Cardiac Catheterization (Heart Cath, Coronary Angiogram) and, if necessary, Coronary Angioplasty/Coronary Stenting
Technique:
This nonsurgical procedure is performed under X-ray guidance in the cardiac catheterization laboratory. You will be given a mild sedative, but will remain awake throughout the procedure. This will enable you to cooperate nicely during the study by being clear minded enough to take deep breaths as needed in order to attain the highest quality imaging of the coronary arteries. Dr. Scuderi will closely monitor your anxiety level and provide you with the least amount of anxiolytic medication necessary to take the edge off of nervousness without causing you to be overly drowsy.
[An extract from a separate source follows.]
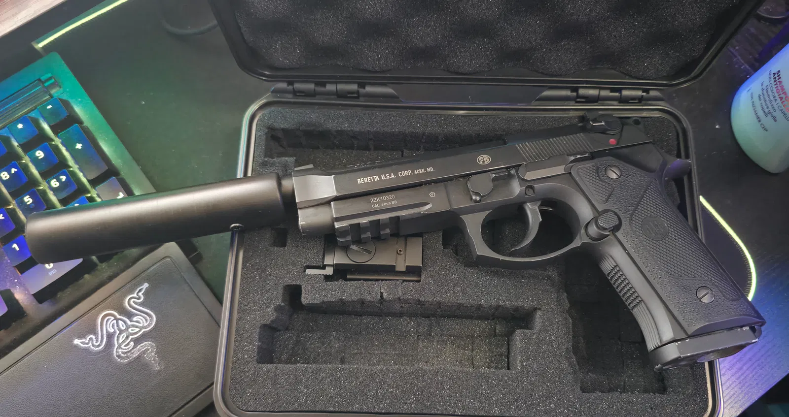 Silenziatore cho Beretta M9A3 được thiết kế tách làm 2 phần để dễ in và lắp ráp. Cần thêm 1 con vít đầu trụ M4 dài 7mm để hoàn thiện.

The right inguinal region will be anesthetized as a result of the local injection of lidocaine. This will ensure that the procedure is associated with no more discomfort than that which would be expected if a first-rate phlebotomist were to skillfully obtain a sample of blood with a very slight “poke” using the smallest needle available. A very small incision (the size of this underscore mark __) is made in the inguinal region. An intra-arterial sheath is placed in the right femoral artery. The sheath is similar to that which a nurse ordinarily places in one’s arm to give intravenous medications. A small amount of colorless, iodine-containing contrast material (dye) is injected through a catheter that allow Dr. Scuderi to clearly illuminate your coronary anatomy. Digital images are studies and stored. After several minutes, Dr. Scuderi will discuss the results of your angiogram with you and determine whether any intervention (angioplasty/stenting) is required in order to restore normal blood flow to a potentially vulnerable portion of your heart muscle by opening a blocked coronary artery if present. If a significant blockage is found, then Dr. Scuderi will place a very small guidewire across the narrowed portion of the coronary artery. A balloon dilatation catheter is advanced over the guidewire in a meticulous fashion. The balloon is precisely positioned within the area of blockage and inflated to recommended specifications. The balloon is removed and substituted with a stent-balloon catheter (laser-cut, stainless steel tube) wrapped around a balloon. Again, the second catheter is precisely positioned and the balloon is inflated. The deployed stent is expanded and circumferentially supports the arterial wall in order to provide the best possible result whereby complete blood flow is restored. If no significant blockage is found, then you will be able to leave the hospital approximately four hours later. If angioplasty/stenting is performed, then you will leave the hospital the following morning.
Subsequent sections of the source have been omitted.